Showing posts with label bobbie smith. Show all posts
Showing posts with label bobbie smith. Show all posts

Friday, February 20, 2015

Preview Exhibition - BREAKING THROUGH Lighting the Way

(Past Preview Mini Exhibit held February 7-8, 2015)


(Cover Photo by Carolyn Smiths Watts, Shoreline Village, Published in Tuttle Cameras One Camera Project, 
Exhibited at the Historical Society of Long Beach; Other photos on this page by Sunny Nash)

(Standing left to right): Evelyn Knight marched with Martin Luther King from Selma to Montgomery; Patricia Lofland, first black member of Long Beach City College Board of Trustees; Bobbie Smith, first black LB woman elected to public office and has a school named for her; Alta Cooke, first black high school principal; Carrie Bryant, city’s first black private school operator; Vera Mulkey, the City’s first black Chief of Staff; Wilma Powell, the nation’s first female Chief Wharfinger; Doris Topsy-Elvord, first African American Long Beach Harbor Commissioner & first black female LB Vice Mayor; (Seated left to right): Autrilla Scott, city’s first black LB citizen with street named for her; Maycie Herrington, recipient of a Congressional Gold Medal; Dale Clinton’s letter to President Johnson is archived at the Library of Congress; and (not present): Lillie Mae Wesley, neighborhood parent for 30 years with LB Parks & Recreation. 




EXPO Arts Center
Bixby Knolls
Long Beach
Adoring crowds from across the Southern California filled the EXPO Arts Center Saturday and Sunday, February 7-8, 2015, for a BREAKING THROUGH Lighting the Way Exhibition Preview for the Andy Street Community Association's Yesterday, Today and Tomorrow.



Living Legend, Evelyn Knight (left)
&
Eleanor Schmidt, Former Executive Director
Long Beach Public Library 
Evelyn Knight marched with Martin Luther King from Selma to Montgomery; Dale Clinton’s letter to President Johnson is archived at the Library of Congress.

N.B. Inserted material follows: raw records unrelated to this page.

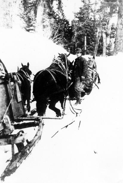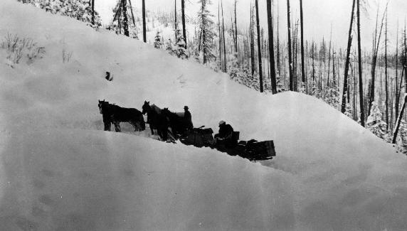 In cold winter weather, occasionally getting down to 10 or 20 degrees below zero, passengers sometimes took along coke foot warmers, or hot water bottles or hot rocks. Frequently, passengers not provided with such equipment walked about as much as they rode in order to keep warm. Drivers were usually pretty well prepared with layers of thick clothing with suitable footwear. In rainy or snowy weather, the passengers either provided themselves with rain wear and umbrellas or got soaked. Heavy winter snows presented the worst obstacles to keeping schedules. The first snows of the season were usually taken in stride, with wagons being used until enough snow covered the ground to accommodate the sleighs. But later in the winter, when overnight storms might deposit and drift several feet of the fluffy stuff over the old tracks, progress became very difficult. The horses would flounder, get off the beaten track and become entangled in the harness. Sometimes the driver and passengers would wade ahead for short distances, tramping paths for the horses. Horse snow shoes were also employed in some instances. These were wooden pads about 14 inches square and 2 inches thick. They were provided with holes into which the calks of the horses iron shoes would fit, and a curved iron strap which bolted around the toe of the horses hoof. Horses had to be trained in the use of these pads, but once a snowy road had been traversed with them, the road would be "broken" so that the horse snow-shoes could be dispensed with. So much for the background of the old road and it's accommodations. The Strongs and Argetsingers were probably only partially aware of what was ahead for them, but, once on the way, there was no turning back. As mentioned before, it had been a bad winter, and the snow was deep and menacingly drifted over the roads. A few details of the trip were frequently recalled by some of those participating in the journey. The first long day got them past Switchback all right, but only as far as Mountain House. At this point the snow was thirteen feet deep, and there was little evidence of the station buildings except parts of the roof and tall stove-pipes emitting wisps of blue smoke. Steps were cut in the ice and snow to get down to the floor level of the houses, and sloping ramps led into the stables, where the horses were reasonably comfortable. Just what sleeping accommodations were provided, and just how comfortably the young couple with the three-months-old baby spent the night was never revealed in detail. During that night considerable more snow fell and drifted across the road right-of-way. The next morning, as the four horse team with its loaded sleigh slowly crept around the precipitous slopes of Old Baldy, only the high blazes on the trees and the stage drivers intuition and knowledge of the terrain served to keep them on the proper course. In some places, where the narrow road had been graded around steep mountain sides, snow drifts had filled the excavations, leaving the curvature of the mountain sides appear unscratched. This, of course, caused the sleigh to tip precariously toward the down hill side. In fact, to prevent the stage from turning over and dragging the whole outfit down the mountain side, two men rode standing on the up-side sleigh runners. And, in order to free the mother's hands so that she might hang on to the seat at such an angle, the men held the baby in their arms as they rode on the sleigh runners. Under such conditions progress was miserably slow, and it was devastatingly cold. In places the lead horses would be breast deep in soft snow, and if their hooves, on penetrating the new layers of snow, did not meet the previously broken paths, they would sink through, flounder and thrash until calmed and gotten to their feet by the driver. |
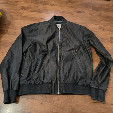 Makia Takki mustassa värissä, koko S. Takki on suunniteltu miehille ja sopii ulkokäyttöön. Materiaali ja yksityiskohdat kuvissa osoittavat kestävän ja lämpimän rakenteen, jossa on tekoturkisvuori kauluksen ympärillä.
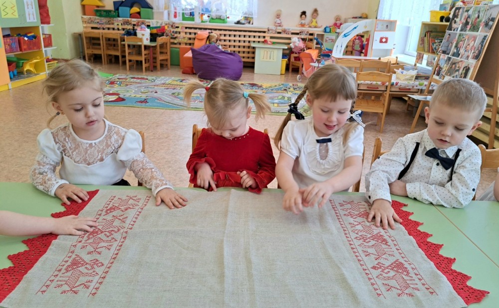 В нашем детском саду большое внимание уделяется этнокультурному воспитанию детей - знакомству с карельским языком, с карельскими праздниками, сказками, традициями. В феврале мы традиционно проводим мероприятия в рамках Дня родного языка. Малыши второй младшей группы "Почемучки" (воспитатель Пяркиева Наталья Николаевна) рассмотрели полотенце с вышивкой и познакомились с простейшими элементами карельского орнамента.
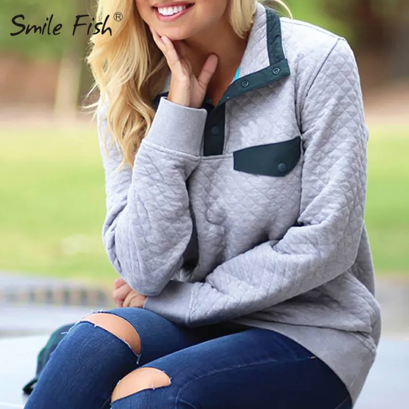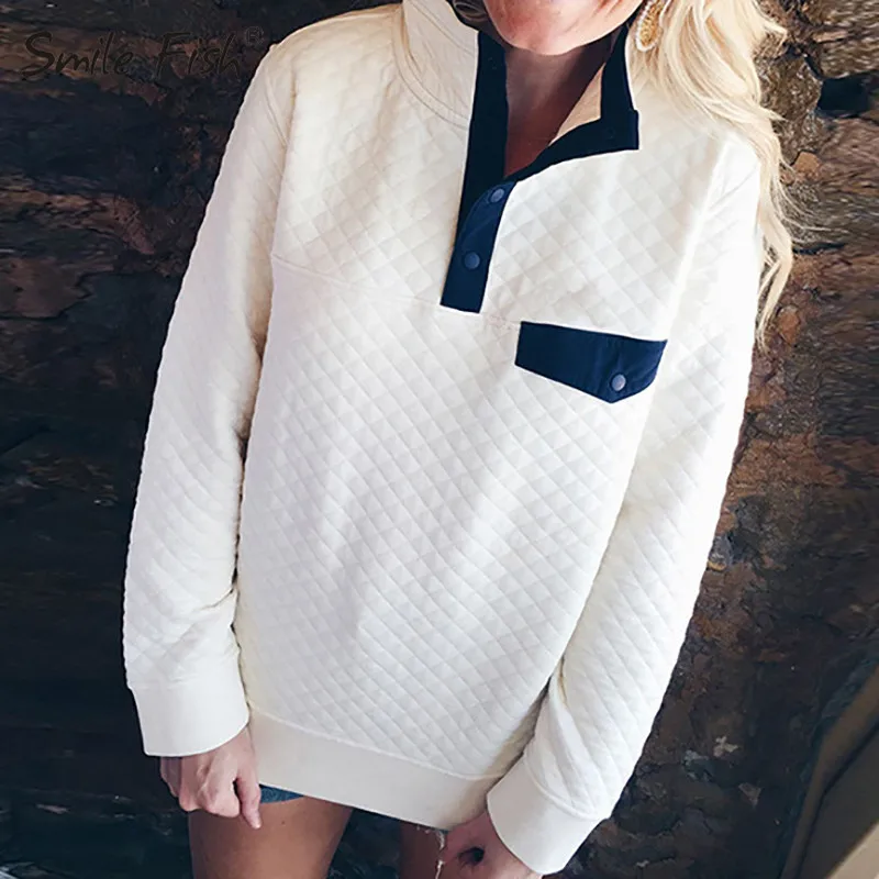Special Offer Automne Femmes Shirts Longs sweat à capuche et manches longues 2019 Hiver Femme Col rabattu décontracté Bouton sweatshirt hauts grande taille GV038 Discount 27% Today!

Wilma Powell was the first U.S. female Chief Wharfinger; Doris Topsy-Elvord, first black female Vice Mayor; Autrilla Scott, city’s first black citizen with a street named for her; Patricia Lofland, first black member of Long Beach City College Board of Trustees; Vera Mulkey, the city’s first black chief of staff; Alta Cooke, first black high school principal; Bobbie Smith, first black woman elected to public office and has a school named for her; Carrie Bryant, city’s first black private school operator; Maycie Herrington, recipient of a Congressional Gold Medal. Lillie Mae Wesley, neighborhood parent for 30 years through Parks & Recreation.

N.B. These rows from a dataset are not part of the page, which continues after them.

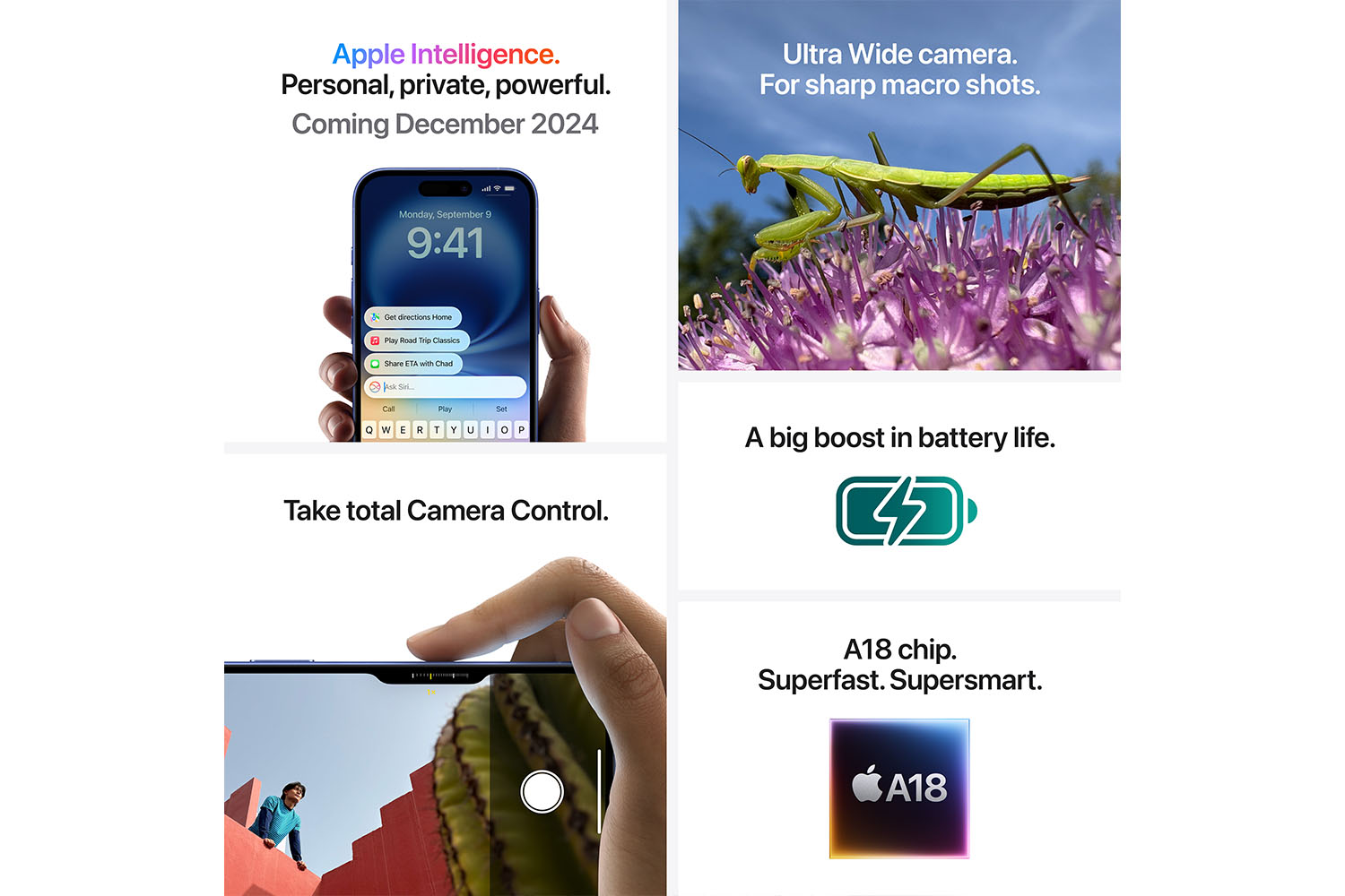 Meet A18. A custom-built chip that jumps two generations ahead of the A16 Bionic chip in iPhone 15. And it powers next-level camera features like Photographic Styles and Camera Control. All with exceptional power efficiency to extend battery life.
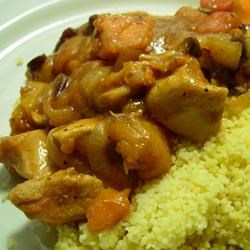 2. Place the browned chicken and eggplant on the bottom of a slow cooker. Layer the onion, carrots, dried cranberries, and apricots over the chicken.
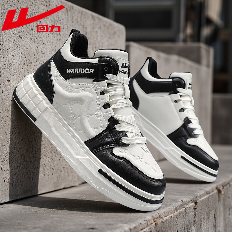 秋冬高幫休閑鞋 皮面鞋 男鞋 子學(xué)生運(yùn)動(dòng)鞋 新款 電池熊貓鴻星爾克板鞋
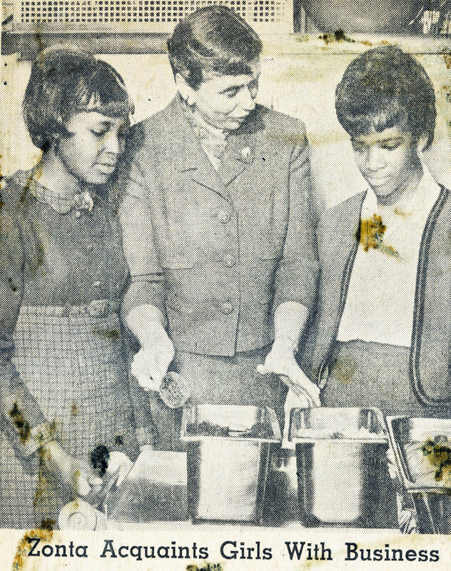 - Janice M. Kelly (center) displayed food preparation techniques to two of the 75 local teenage girls who participated in the 1965 Zonta career day (Marie L. Brokenburr (left) and Lillian D. Williams (right)

Exhibition Preview Visitor
"Time for education was a sacrifice these women made," said Nash, editor of the collection of historical profiles, BREAKING THROUGH Lighting the Way. "Although nothing is guaranteed in this life, education is a necessary part of preparing for a successful future. Study, one solid method of giving a dream a fair chance to become a reality, grooms a person for the inevitable competition of those who may have the same dream.” 

The full BREAKING THROUGH Lighting the Way Exhibition, sponsored by Leadership Long Beach, will open Tuesday, September 29, 2015, at the Atrium Center & Theater in the Long Beach Public Library off of City Hall Public Plaza. This extensive display of portraiture, historic photographic reproductions, artifacts, documents and memorabilia will cover three decades of achievement by these Long Beach women.


Portraiture Captured Imagination






Interactive Educational  Component
Popular with Visitors



 

 


Map Wall a Point of Interest





Memorabilia Quite an Attraction







LIVING LEGENDS 

MAKE APPEARANCE AT PREVIEW


Living Legend, Dale Clinton
& Children

Living Legend, Vera Mulkey
& Children

Living Legend, Wilma Powell


Living Legends
Bobbie Smith & Alta Cooke

Photojournalist and author, Sunny Nash, and Long Beach humanitarian, Carolyn Smith Watts are the co-curators of BREAKING THROUGH Lighting the Way, about 12 African American women, who made a difference in the cultural history of Long Beach. Their pioneering project began with a book of historical profiles, collection of artifacts, documentary film and website in 2007. 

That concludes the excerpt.